Dave, is this different than the other thread about mistakes & fixes?


----------



## DoomsDave (Dec 6, 2018)

This is mistakes that can’t be fixed as opposed to those that can.


----------



## mark sr (Jun 13, 2017)

Back when I was single I cooked a meal in a crock pot. I added a ramp [wild onion] and it smelled so good I added more. By the time the meal was done even the dog wouldn't eat it.


----------



## rjniles (Feb 5, 2007)

mark sr said:


> Back when I was single I cooked a meal in a crock pot. I added a ramp [wild onion] and it smelled so good I added more. By the time the meal was done even the dog wouldn't eat it.


re: the ramp. If you had eaten it you would not be allowed on the school bus. You have to be from the mountains to understand it.

Sent from my RCT6213W22 using Tapatalk


----------



## BayouRunner (Feb 5, 2016)

Probably 25 years ago made a pot of chili and used habanero peppers. My son and I like spicy foods and we toughed through a bowl each, sweating the whole time. Tossed the rest of the pot. Have not used a habanero pepper since. It was incredibly hot. If it says habanero on the label I won’t even consider it lol


----------



## Startingover (Apr 18, 2012)

(Never heard word Ramp before.)

Not me but 85 yo aunt, who insisted on cooking me pancakes for breakfast. So runny in middle I couldn’t eat them. When her back was turned I dropped them on floor for her lab. He wouldn’t eat them. So I had to scoop the mess up an put in my pocket.


----------



## Two Knots (Nov 12, 2011)

What is Ramp?

edit: oh, I see it now~ it’s wild onion.


----------



## Brainbucket (Mar 30, 2015)

When I was a kid around 10 or 12, my mom would teach us how to cook. My sister made some brownie type cakes and switched the sugar to salt. My dad was the first to bite into one. He kept quite so he could see the expressions on our faces when we bit into them. God those thing were awful. Hurt my sister feelings bad, but we couldn't help but laugh. :vs_cool:


----------



## mark sr (Jun 13, 2017)

https://www.wideopeneats.com/everything-you-need-to-know-about-ramps/


----------



## Startingover (Apr 18, 2012)

Good link. Now I want some. But it they’re so perishable that the only last 3 days I doubt I’ll see them down in the south :sad:


----------



## DoomsDave (Dec 6, 2018)

BayouRunner said:


> Probably 25 years ago made a pot of chili and used habanero peppers. My son and I like spicy foods and we toughed through a bowl each, sweating the whole time. Tossed the rest of the pot.
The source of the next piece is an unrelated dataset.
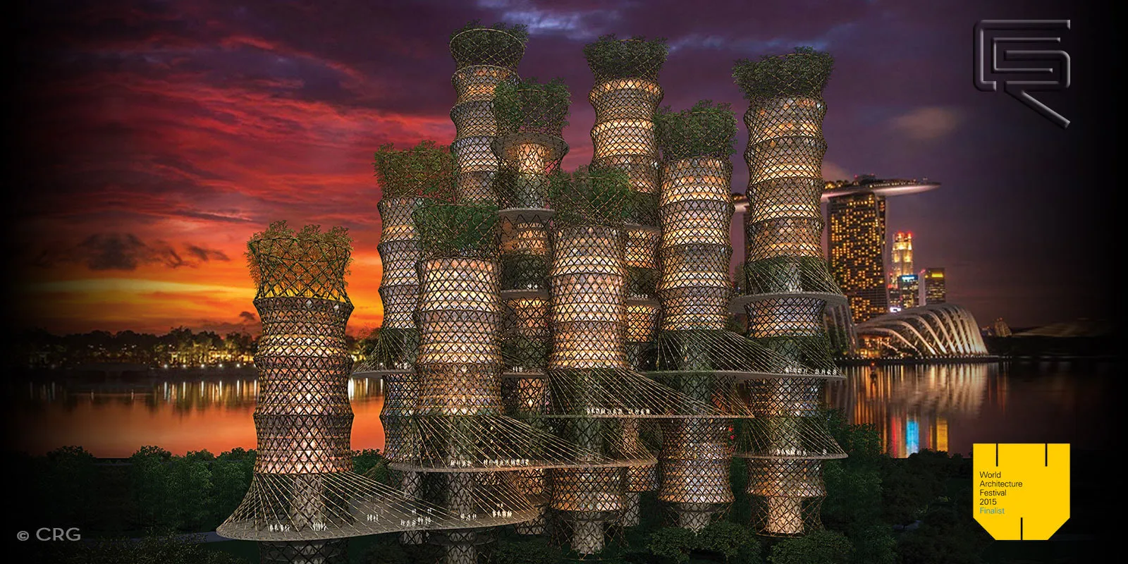 Inspired by the natural bamboo forests, where a wide range of trees coexist and create an overlapping network, a group of architects looked at natural forests to design the Bamboo Skyscraper. With this project the team at CRG Architects rethought the way we build and asked: what if we stopped cutting into our forests and started recreating them?

Have not used a habanero pepper since. It was incredibly hot. If it says habanero on the label I won’t even consider it lol


Once, in a galaxy far far FAR away, I subbed six jalapenos for six habaneros. Habs are about 100 times as hot in Scovil Units as jalapenos. 

Dumped the dish in the garden, and the coyotes vomited.


----------



## Brainbucket (Mar 30, 2015)

BayouRunner said:


> Probably 25 years ago made a pot of chili and used habanero peppers. My son and I like spicy foods and we toughed through a bowl each, sweating the whole time. Tossed the rest of the pot. Have not used a habanero pepper since. It was incredibly hot. If it says habanero on the label I won’t even consider it lol


I moved from Chicago to southern Arizona after the 79-80 blizzard thawed out when I was 20. I met a nice Mexican girl and she cooked me a Mexican dish that was very good. It had jalapenos in it and was spicy. The next day, I was on the 'throne' and it was coming out hot. I mean on fire. That has never happened before. My grampa walked past the door of the bathroom and heard me groaning and said " Coming out hot is it? Want me to get you a popsicle?" Then he laughed all the way down the hall. I actually considered it but didn't. Now when I see Homer Simpson eat that hot pepper and grabs a popsicle and tried to stick in his mouth but it melts before it gets there, I can relate! LOL :vs_laugh:


----------



## BayouRunner (Feb 5, 2016)

True story. When I was young I had a couple come down from New Jersey to spend a week for Mardi gras. We did the New Orleans thing. We finished up the week at the house. Boiled a good bit of crawfish. They loved them. I was kidding but he never new it. I told him he had to eat some ice cream so he didn’t get the zactlys in the morning. He said what’s that? I said that’s when your azz burns exactly like your mouth did the night before. I like to died of laughter when I walked by the bathroom in the morning and I heard “Come on Ice Cream!” Lol


Sent from my iPhone using Tapatalk


----------



## ClarenceBauer (Mar 4, 2005)

If you are looking for a HOT PEPPER try this one CAROLINA REAPER.
It is good for your blood pressure ???


----------



## DoomsDave (Dec 6, 2018)

Brainbucket said:


> I moved from Chicago to southern Arizona after the 79-80 blizzard thawed out when I was 20. I met a nice Mexican girl and she cooked me a Mexican dish that was very good. It had jalapenos in it and was spicy. The next day, I was on the 'throne' and it was coming out hot. I mean on fire. That has never happened before. My grampa walked past the door of the bathroom and heard me groaning and said " Coming out hot is it? Want me to get you a popsicle?" Then he laughed all the way down the hall. I actually considered it but didn't. Now when I see Homer Simpson eat that hot pepper and grabs a popsicle and tried to stick in his mouth but it melts before it gets there, I can relate! LOL :vs_laugh:


Yeah, the afterburner effect. Only a short while, though.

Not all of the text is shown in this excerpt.